If you do that, please also include numbers for running that code with
Apple Java 6 as well, because there are quite a few people still saying
that Apple's Java 6 outperforms Oracle's Java by a lot in 2D Graphics.


 Cheers,

 Chris


I don't know what else to do but to lobby here and invest some work in Jira
issues with reproducible test cases. There is a huge performance problem on
the Mac (I have to admit, I have no Windows machine to compare myself) with
the potential to drive companies like ours, which is seriously
considering/testing the technology for our product development, away from
the technology. I would also hope that other people who have encountered
this like the Ultramixer guys don't give up on this and keep posting
qualified information, making the case for this and supporting the Oracle
team by reproducible benchmarks/test cases.

Cheers,

Robert


Re: Canvas performance on Mac OS

2015-04-04 Thread Chris Newland
Hi Jim,

The first numbers were for my 27 2011 iMac which runs OSX 10.9 Mavericks.
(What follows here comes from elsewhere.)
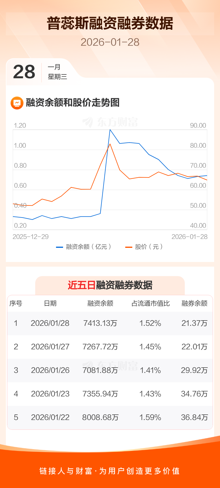 交易所最新数据显示,普蕊斯于2026年1月28日获融资买入929.46万元,融资偿还784.05万元,当日融资净买入145.41万元。目前,该股融资余额7413.13万,占流通市值比例为1.52%。

Here are my numbers for a 2013 MacBook Pro (13 Retina) 2.4 GHz Intel Core
i5 / 8GB / Intel Iris 1536 MB / OSX 10.10.2 Yosemite

I don't get 60fps with either pipeline:

java -Dprism.order=es2 -cp target/classes
com.chrisnewland.demofx.standalone.Sierpinski
fps: 1
fps: 22
fps: 30
fps: 30
fps: 32

java -Dprism.order=sw -cp target/classes
com.chrisnewland.demofx.standalone.Sierpinski
fps: 1
fps: 28
fps: 34
fps: 33
fps: 34

The OSX Activity Monitor shows the CPU for the Java process near 100% so
it's CPU bound for both pipelines.

On my iMac where I get 60fps with sw pipeline the CPU is only 50%.

I've written a bunch of other JavaFX effects and it's only the routines
that use on strokePolygon and fillPolygon that don't get 60fps once the
polygon count goes above a few hundred.

I've checked the JIT compilation in my application code with JITWatch and
everything is compiled and inlined as I'd expect.
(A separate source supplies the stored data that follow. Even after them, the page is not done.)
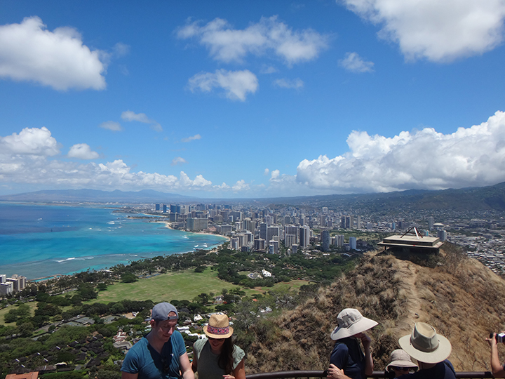 2017年7月12日、中米グアテマラから11日間かけて最後の寄港地、ハワイのホノルルに着きました。約40年ぶりのハワイ、旅の疲れを癒すのに最適の地で2日間を過ごしました。初日はハワイのシンボル、ダイヤモンド・ヘッドに登りました。1700年代後期、西欧の探検家や商人たちが噴火口壁面に光る方解石の結晶をダイヤモンドと見誤ったことからそう呼ばれるようになりました。
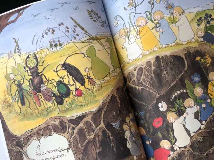 W końcu dzieci wyruszają z trawami i kwiatami w radosnym kolorowym pochodzie. Kiedy nadchodzi lato, bawią się na polach, stawach i łąkach. Bujna zieleń przepełniona pięknymi barwami daje znak, że zwiastuje najcieplejszą porę w roku. Natomiast z nadejściem jesieni, zmęczone i stęsknione dzieci powracają do Matki Natury, aby ułożyć się do spania i przeczekać zimę, aż nadejdzie pora na kolejną wiosnę.
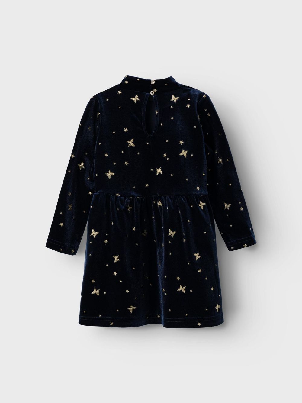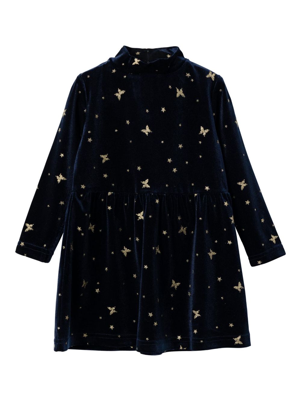 Kjole i velour, med sommerfugler og stjerner i glitter. Knepping øverst i ryggen bak.
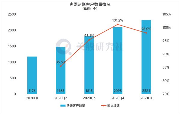 首先是声网的活跃用户数量在继续上涨,Q1声网活跃用户数量达到2324(音视频服务业务用户,不包括1月收购的Easemob用户),去年同期活跃客户数量为1176,同比增长97.6%。
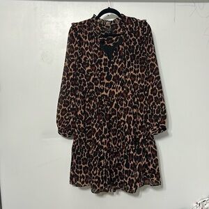 J Crew Tie-neck tiered dress in leopard crinkle chiffon dress Size Small

GC logs show a GC every couple of seconds freeing up about 30MB:

13.505: [GC (Allocation Failure) [PSYoungGen: 31983K-96K(36352K)]
37760K-5889K(123904K), 0.0013589 secs] [Times: user=0.00 sys=0.00,
real=0.00 secs]
fps: 32
fps: 32
15.089: [GC (Allocation Failure) [PSYoungGen: 31328K-160K(36352K)]
37121K-5969K(123904K), 0.0008222 secs] [Times: user=0.00 sys=0.00,
real=0.00 secs]
fps: 33
16.683: [GC (Allocation Failure) [PSYoungGen: 30880K-194K(35840K)]
36689K-6011K(123392K), 0.0005803 secs] [Times: user=0.00 sys=0.00,
real=0.00 secs]

I think my question is:

Does the OpenJFX group think JavaFX is a suitable technology for full
frame rate canvas-style graphics or is the degree of indirection between
application code and the graphics hardware just too great?
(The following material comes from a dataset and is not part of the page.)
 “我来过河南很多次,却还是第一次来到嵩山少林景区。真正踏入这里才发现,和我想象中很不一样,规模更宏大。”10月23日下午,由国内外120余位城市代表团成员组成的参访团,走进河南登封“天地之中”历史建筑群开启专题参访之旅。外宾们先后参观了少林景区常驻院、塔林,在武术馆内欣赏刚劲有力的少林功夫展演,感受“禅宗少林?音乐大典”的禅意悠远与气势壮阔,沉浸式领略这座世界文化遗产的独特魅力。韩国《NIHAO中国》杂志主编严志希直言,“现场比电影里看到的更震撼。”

I would have expected the hardware I've tested on to eat 2500 triangles at
60fps for breakfast even with no GPU acceleration.

I'm going to knock up a version of this code that uses Graphics2D for
comparison.

Cheers,

Chris

On Fri, April 3, 2015 00:13, Jim Graham wrote:
 On my retina MBP (10.8) I get 60fps for es2 and 44fps for sw.  Are you
 running a newer version of MacOS?

 ...jim


 On 3/31/15 3:40 PM, Chris Newland wrote:

 Hi Hervé,


 That's a valid question :)


 Probably because


 a) All my non-UI graphics experience is with immediate-mode / raster
 systems

 b) I'm interested in using JavaFX for particle effects / demoscene /
 gaming so assumed (perhaps wrongly?) that scenegraph was not the way to
 go for that due to the very large number of nodes.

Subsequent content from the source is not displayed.